COSAS DE LA MAR Y LA MAR DE COSAS La exposición Guillermina, titulada "Cosas de la mar y la mar de cosas", consta de tres partes bien diferenciadas: las naturalezas muertas antes aludidas, reconvertidas en pequeñas muestras de arte, los cuadros de temática taurina y, por último, sus singulares composiciones y montajes, todo un canto al uso creativo de los productos de deshecho de la sociedad que nos rodea. Las estampas taurinas, realmente magníficas, están hechas a base de latas de refrescos, recortadas y pegadas en varios estratos. Escenificando con gran realismo las diversas suertes del arte de torear en nuestro país. Pero el no va más llega cuando contemplamos sus montajes, plenos de creatividad, utilizando sabiamente mil y un materiales y productos de deshecho, a modo de grandes collages, como troncos retorcidos, alambres, mallas metálicas, ruedas de engranajes, telas, cartones, estampas, guitas, cables, cadenas, grifos y cornetines antiguos, varas, relojes viejos, cerámicas rotas, muelles desvencijados, etc., etc.

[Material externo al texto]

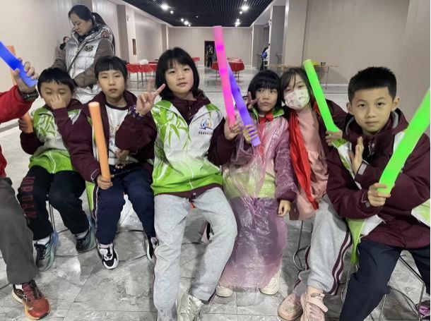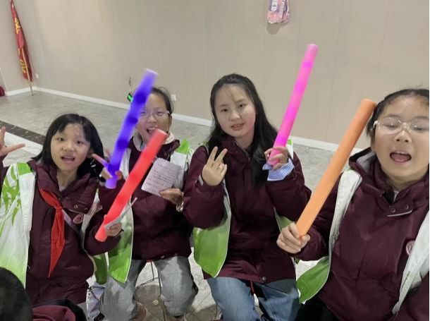 各班节目轮番登场:芭蕾舞者踮起脚尖演绎《天鹅湖》的优雅,街舞少年用机械舞步展现青春活力,艺术体操的小演员挥舞彩带划出优美弧线。欢声笑语在夜空中回荡。随后,老师们也带着孩子们欢快跳起兔子舞,现代舞、呼应着“伴音研学班”的韵律,更点燃了全场的热情。这场充满童真童趣的晚会,既展现了学子们的多才多艺,更让白天的文化浸润在欢乐氛围中升华,为研学之旅描绘出绚丽多彩的句点。

Incluyendo como gran novedad la intervención humana, a base de figuritas o muñecos de pasta "das", material que utilizan los arquitectos y los escultores para sus maquetas. Pero hay más. Y es que, como remate de los tomates, en muchos de sus cuadros figuran unas sentencias y pensamientos, escritos a lápiz o boli, o con recortes de prensa, con mensajes que sintetizan, de alguna manera, la filosofía guillermina acerca de la vida, la conservación del medio ambiente y la utilidad de los materiales aparentemente inútiles e inservibles. He aquí una muestra:
¡Salvad el planeta, coño! A la Humanidad le está haciendo falta una transfusión de sentido común. La robotización recorta la imaginación. Aprovecha lo que otro deshecha y añade algo de tu cosecha. No se necesita ser ecológico, basta con ser lógico. Larga vida a la chatarra. Dime lo que tiras y te diré qué pierdes. No somos lo que fuimos ni lo que seremos; y las cosas tampoco. Quien preserva, conserva. Reciclarse o morir. La materia ni se crea ni se destruye…, se transforma. Arte es crear…, reciclar es recrear… Si la basura tuviera precio, esta muestra no tendría desperdicio. De la mar, los peces, y también los pecios… El deshecho al hecho no hay tanto trecho. Mira a la Naturaleza y aprenderás a conservarla. Fui maceta barata, ahora soy cara (un cara pintada sobre un trozo roto de maceta).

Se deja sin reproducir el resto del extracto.